Researchers have developed a novel fuel cell implant for type 1 diabetes that can successfully produce and release insulin when triggered. New Atlas reports: The fuel cell itself, which resembles a teabag that’s slightly larger than a fingernail, is covered in a nonwoven fabric and coated with alginate, an algae-derived product used widely in biomedicine because of its high degree of biocompatibility. When implanted under the skin, the cell’s alginate soaks up body fluid, allowing glucose to permeate the surface and flow into the power center. Inside the cell, the team developed a copper-based nanoparticle anode that splits glucose into gluconic acid and a proton to generate an electric current. “Many people, especially in the Western industrialized nations, consume more carbohydrates than they need in everyday life,” [Martin Fussenegger from the Department of Biosystems Science and Engineering at ETH Zurich] said. “This gave us the idea of using this excess metabolic energy to produce electricity to power biomedical devices.

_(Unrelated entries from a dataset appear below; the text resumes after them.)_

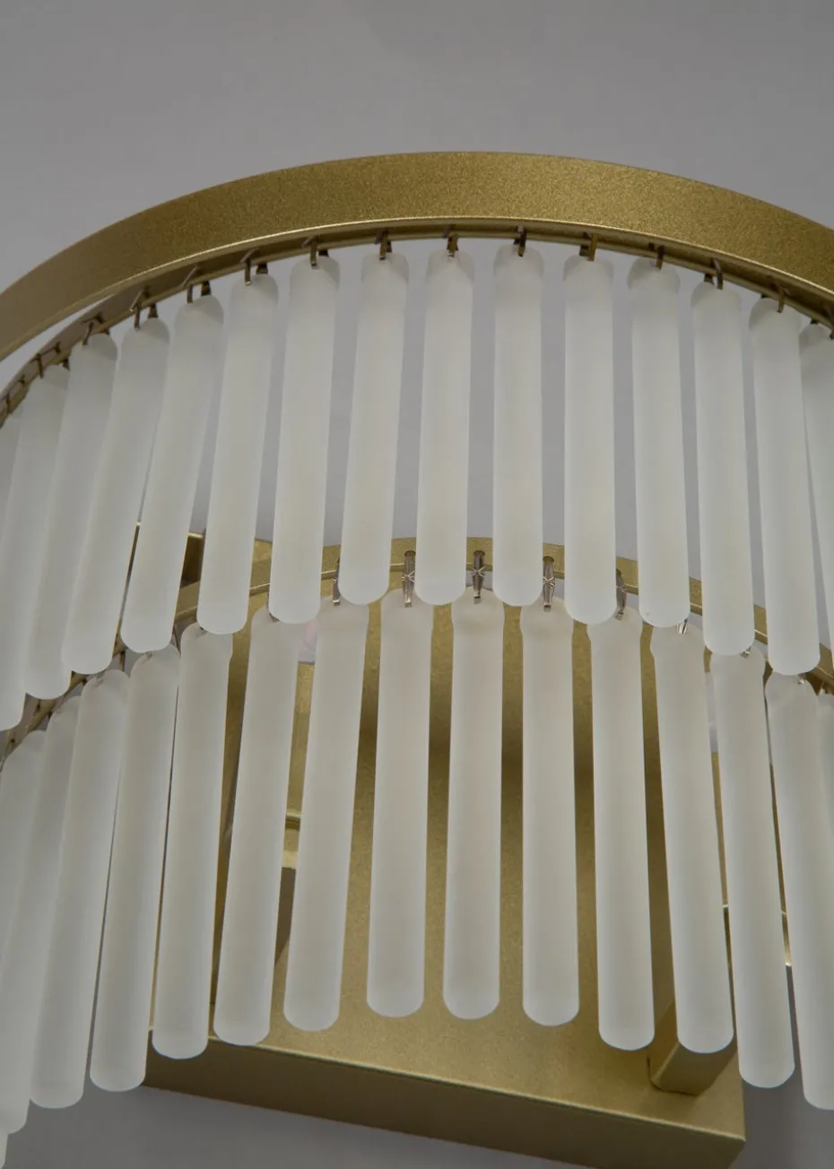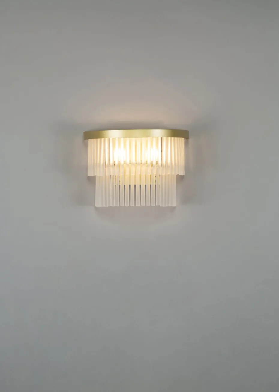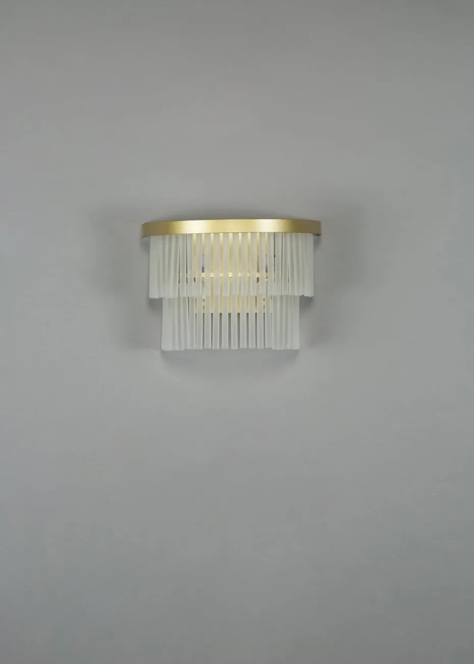 A stylish tiered wall light in a brass finish with frosted glass rods, adds elegance and a perfect centrepiece in any living room, dinig area or bedroom. Bulb type: 3 x G9 (not included). Height 19cm x Width 26cm.
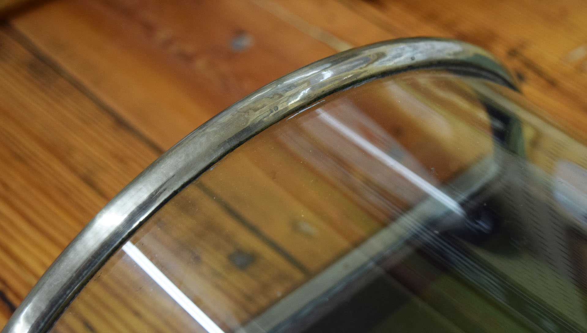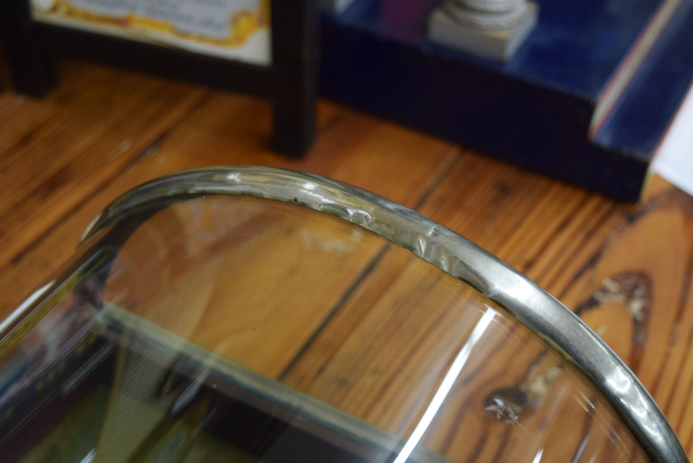 Made by Schwanbech Brothers, this eyebrow type showcase boasts an walnut base beneath it’s beautiful curved glass exterior. As was as a beautiful case, it is often known as a gum case. The eyebrow designation is based upon it’s curved shaped top, which is hinged on one side. The outer German silver finish looks amazing for it’s age, with just some smaller dents on the top of the curved left side in the bright finish. It is complete with the original felt interior and all original glass top and sides. The front is marked “Pat’d. March 11, 1879” on a small marker. This smaller showcase will give you a very nice way to display your smaller collectibles with a size of twenty-seven and a half inches long by fourteen and a half inches wide. The curved glass top sits seven and three-quarters inches tall when closed. This is an oversized shippable item. Please contact us for shipping quote. 19646-QTPP
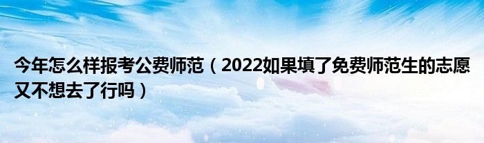 大家好,小高来为大家解答以上问题。今年怎么样报考公费师范,2022如果填了免费师范生的志愿又不想去了行吗很多人还不知道,现在让我们一起来看看吧!
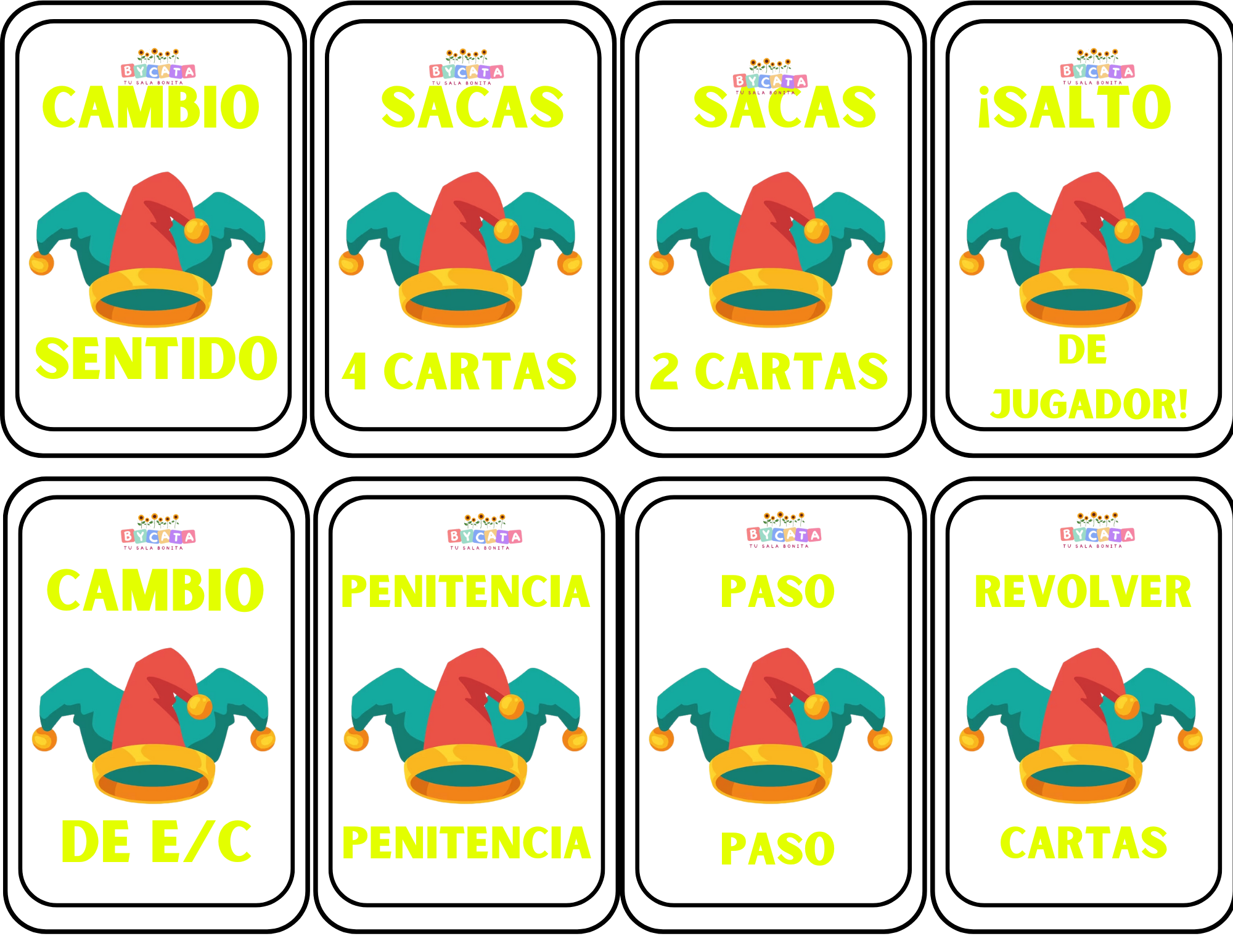 “Cambio de sentido”, “Saca 4 cartas”, “Saca dos cartas” o “Salto de Jugador”

The fuel cell was then coupled with an insulin capsule featuring the team’s beta cells, which could be triggered to secrete insulin via electric current from the implant. Overall, the two components provide a self-regulating circuit. When the fuel cell powered by glucose senses excess blood sugar, it powers up. This then stimulates the beta cells to produce and secrete insulin. As blood sugar levels dip, it trips a threshold sensor in the fuel cell, so it powers down, in turn stopping the insulin production and release. This self-sustained circuit could also produce enough power to communicate with a device such as a smartphone, which allows for monitoring and adjusting, and even has potential for remote access for medical intervention. The study was published in the journal Advanced Materials.